Although the records contain pictures, only their text should be reproduced, exactly as written.
[[ Listed entries, beginning ]]
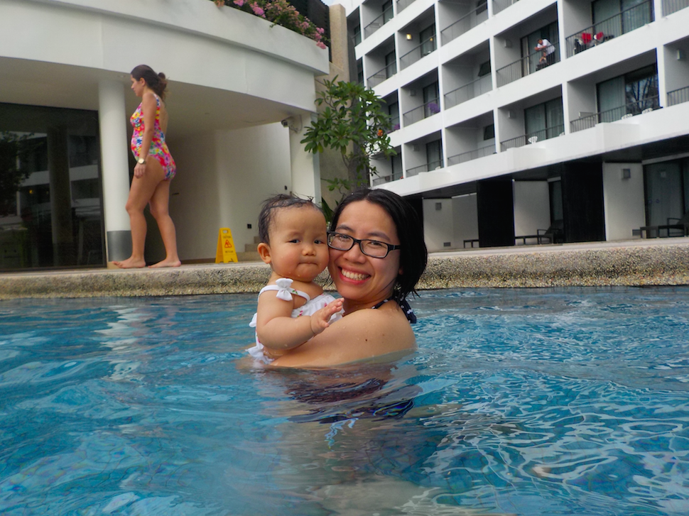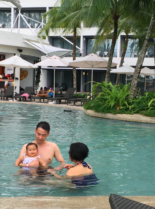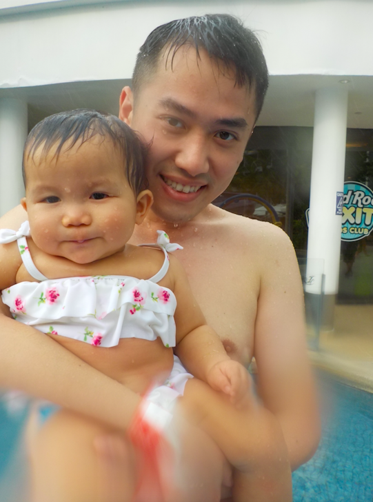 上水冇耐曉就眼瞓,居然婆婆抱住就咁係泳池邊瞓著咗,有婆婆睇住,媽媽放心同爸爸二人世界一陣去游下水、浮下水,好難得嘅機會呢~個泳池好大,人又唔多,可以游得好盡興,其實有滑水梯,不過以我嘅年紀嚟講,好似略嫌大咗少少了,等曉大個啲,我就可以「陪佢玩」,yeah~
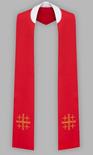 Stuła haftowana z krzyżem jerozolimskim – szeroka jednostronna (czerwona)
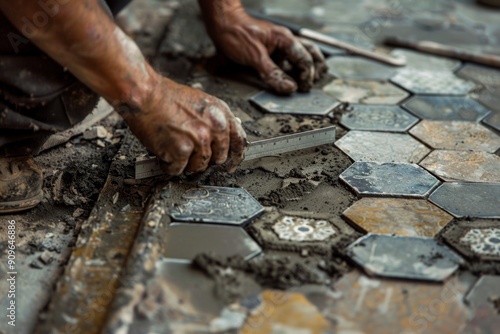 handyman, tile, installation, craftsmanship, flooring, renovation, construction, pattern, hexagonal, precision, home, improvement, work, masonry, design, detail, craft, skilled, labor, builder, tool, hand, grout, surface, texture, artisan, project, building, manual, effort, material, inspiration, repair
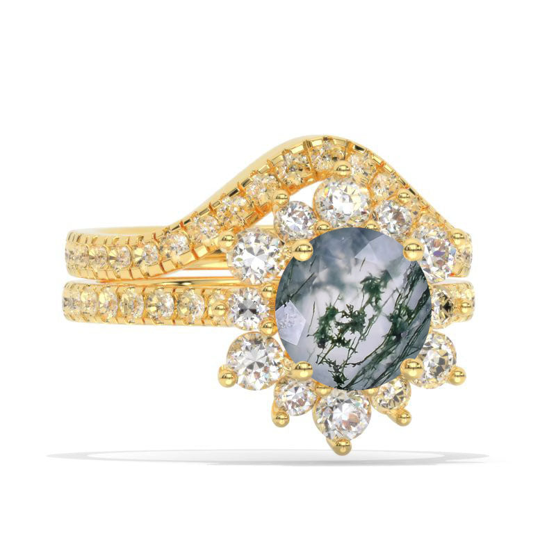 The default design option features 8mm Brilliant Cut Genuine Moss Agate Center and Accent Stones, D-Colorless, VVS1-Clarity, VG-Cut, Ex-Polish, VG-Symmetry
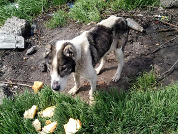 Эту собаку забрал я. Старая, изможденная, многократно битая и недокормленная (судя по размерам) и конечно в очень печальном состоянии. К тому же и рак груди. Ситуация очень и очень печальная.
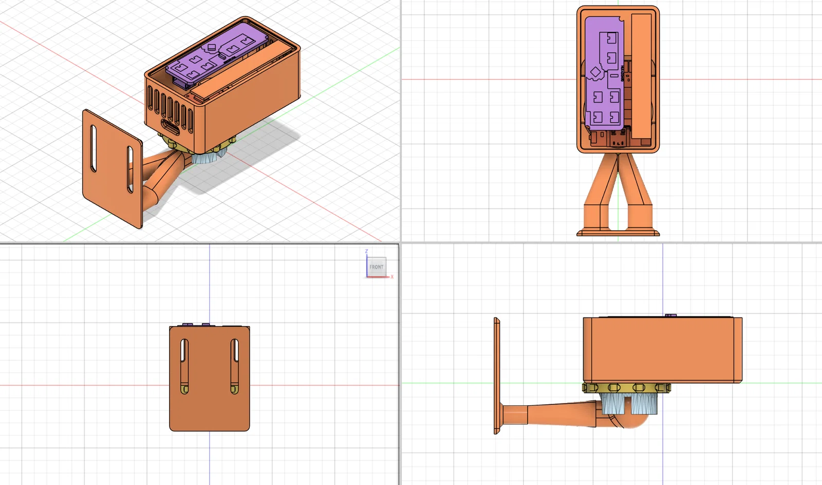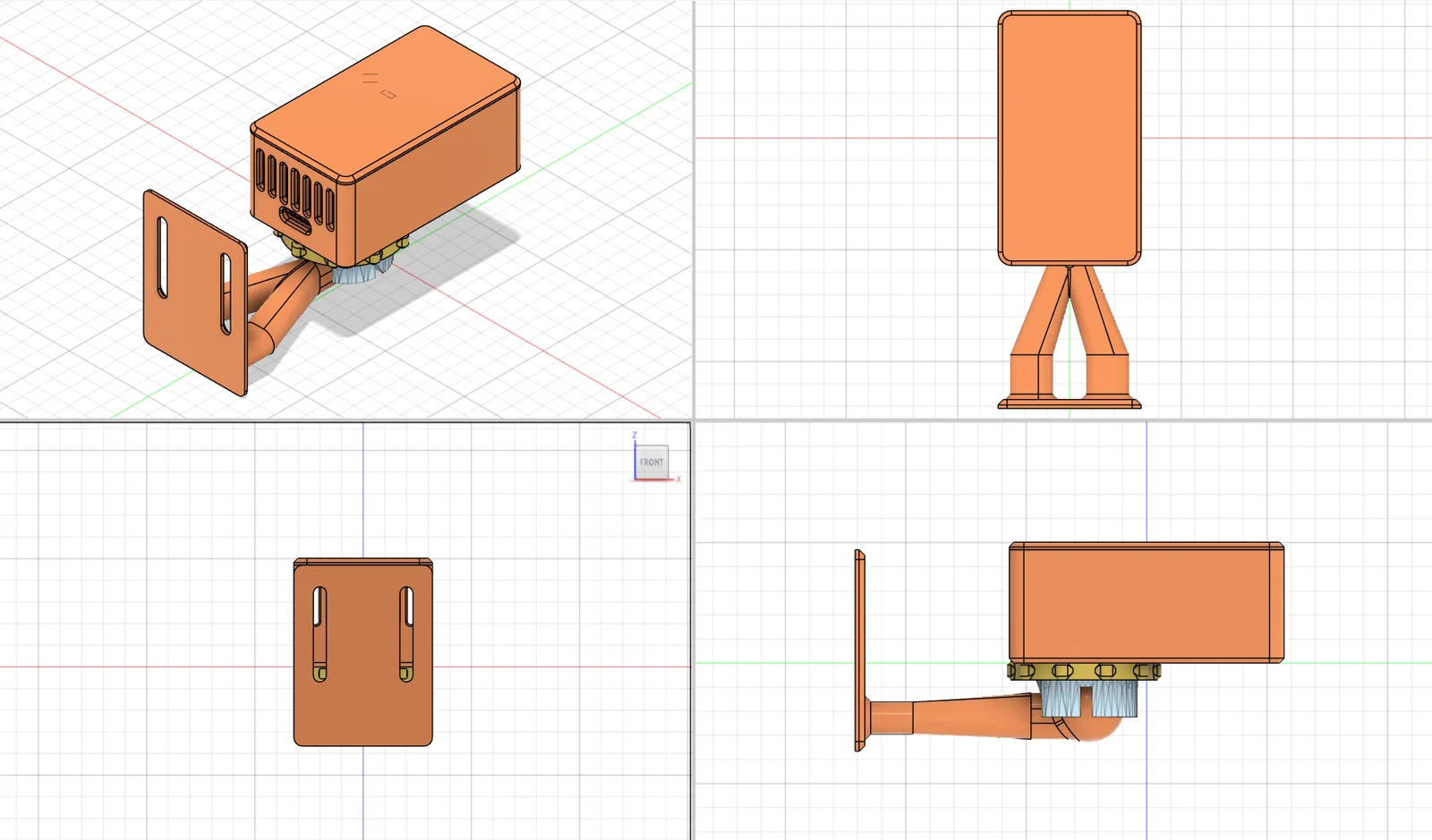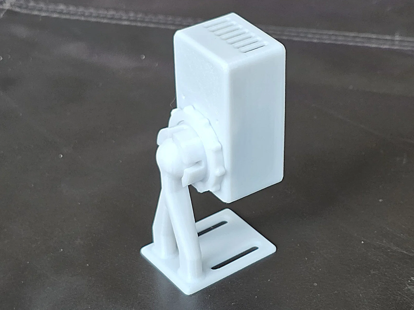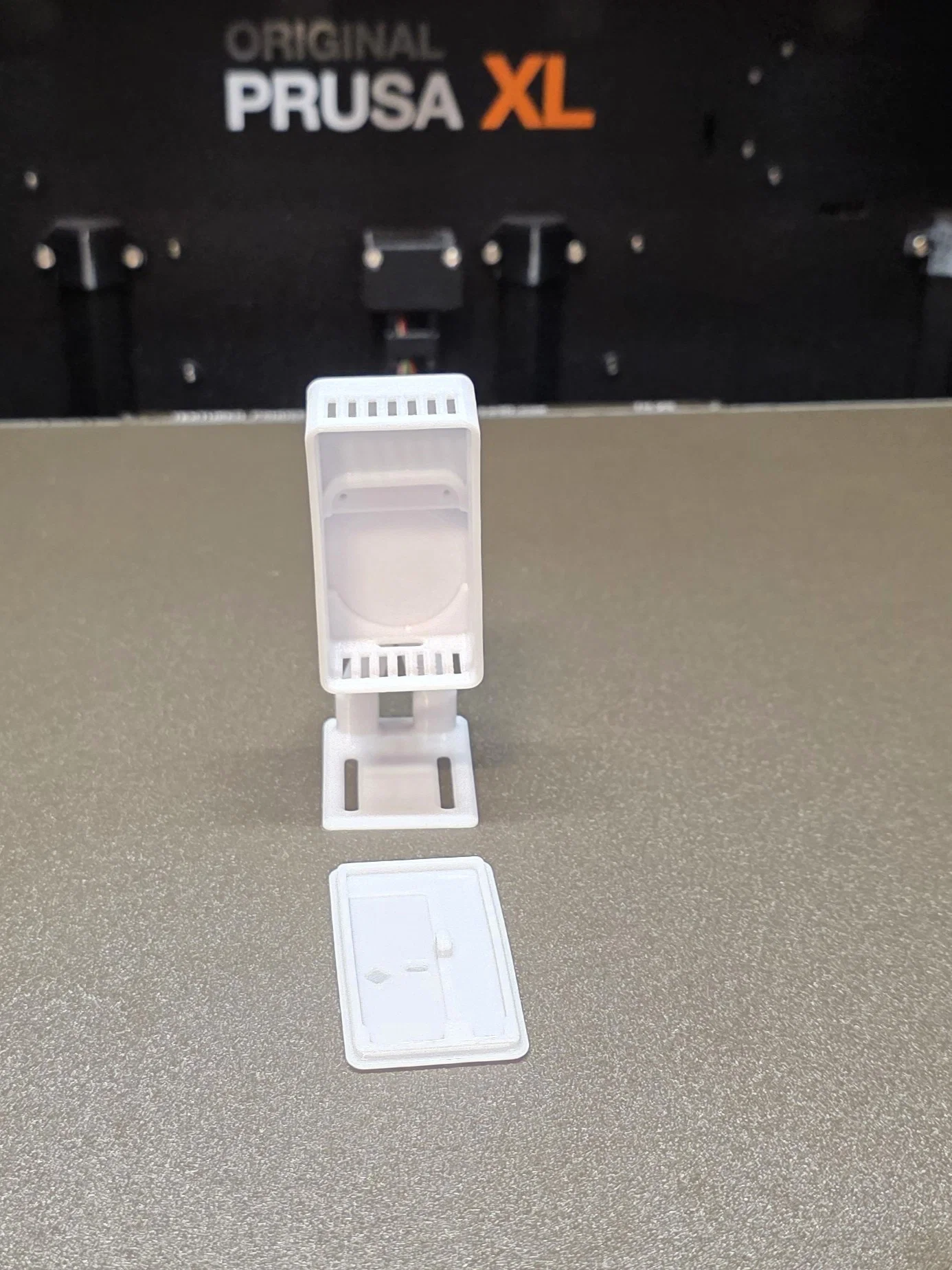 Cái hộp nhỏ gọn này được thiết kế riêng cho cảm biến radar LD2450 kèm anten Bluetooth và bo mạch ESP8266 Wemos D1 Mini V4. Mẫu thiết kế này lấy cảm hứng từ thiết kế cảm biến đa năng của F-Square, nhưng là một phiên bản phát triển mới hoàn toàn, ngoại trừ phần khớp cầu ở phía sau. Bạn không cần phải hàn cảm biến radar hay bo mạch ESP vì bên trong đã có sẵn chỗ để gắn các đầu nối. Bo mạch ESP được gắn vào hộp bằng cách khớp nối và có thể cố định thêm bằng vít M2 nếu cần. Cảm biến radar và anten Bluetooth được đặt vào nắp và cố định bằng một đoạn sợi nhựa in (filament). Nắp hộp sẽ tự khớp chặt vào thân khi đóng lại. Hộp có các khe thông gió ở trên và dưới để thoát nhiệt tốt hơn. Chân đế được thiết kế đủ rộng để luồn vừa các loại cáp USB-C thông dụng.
[[ Listed entries, end ]]
Answer to this problem
 上水冇耐曉就眼瞓,居然婆婆抱住就咁係泳池邊瞓著咗,有婆婆睇住,媽媽放心同爸爸二人世界一陣去游下水、浮下水,好難得嘅機會呢~個泳池好大,人又唔多,可以游得好盡興,其實有滑水梯,不過以我嘅年紀嚟講,好似略嫌大咗少少了,等曉大個啲,我就可以「陪佢玩」,yeah~
 Stuła haftowana z krzyżem jerozolimskim – szeroka jednostronna (czerwona)
 handyman, tile, installation, craftsmanship, flooring, renovation, construction, pattern, hexagonal, precision, home, improvement, work, masonry, design, detail, craft, skilled, labor, builder, tool, hand, grout, surface, texture, artisan, project, building, manual, effort, material, inspiration, repair
 The default design option features 8mm Brilliant Cut Genuine Moss Agate Center and Accent Stones, D-Colorless, VVS1-Clarity, VG-Cut, Ex-Polish, VG-Symmetry
 Эту собаку забрал я. Старая, изможденная, многократно битая и недокормленная (судя по размерам) и конечно в очень печальном состоянии. К тому же и рак груди. Ситуация очень и очень печальная.
 Cái hộp nhỏ gọn này được thiết kế riêng cho cảm biến radar LD2450 kèm anten Bluetooth và bo mạch ESP8266 Wemos D1 Mini V4. Mẫu thiết kế này lấy cảm hứng từ thiết kế cảm biến đa năng của F-Square, nhưng là một phiên bản phát triển mới hoàn toàn, ngoại trừ phần khớp cầu ở phía sau. Bạn không cần phải hàn cảm biến radar hay bo mạch ESP vì bên trong đã có sẵn chỗ để gắn các đầu nối. Bo mạch ESP được gắn vào hộp bằng cách khớp nối và có thể cố định thêm bằng vít M2 nếu cần. Cảm biến radar và anten Bluetooth được đặt vào nắp và cố định bằng một đoạn sợi nhựa in (filament). Nắp hộp sẽ tự khớp chặt vào thân khi đóng lại. Hộp có các khe thông gió ở trên và dưới để thoát nhiệt tốt hơn. Chân đế được thiết kế đủ rộng để luồn vừa các loại cáp USB-C thông dụng.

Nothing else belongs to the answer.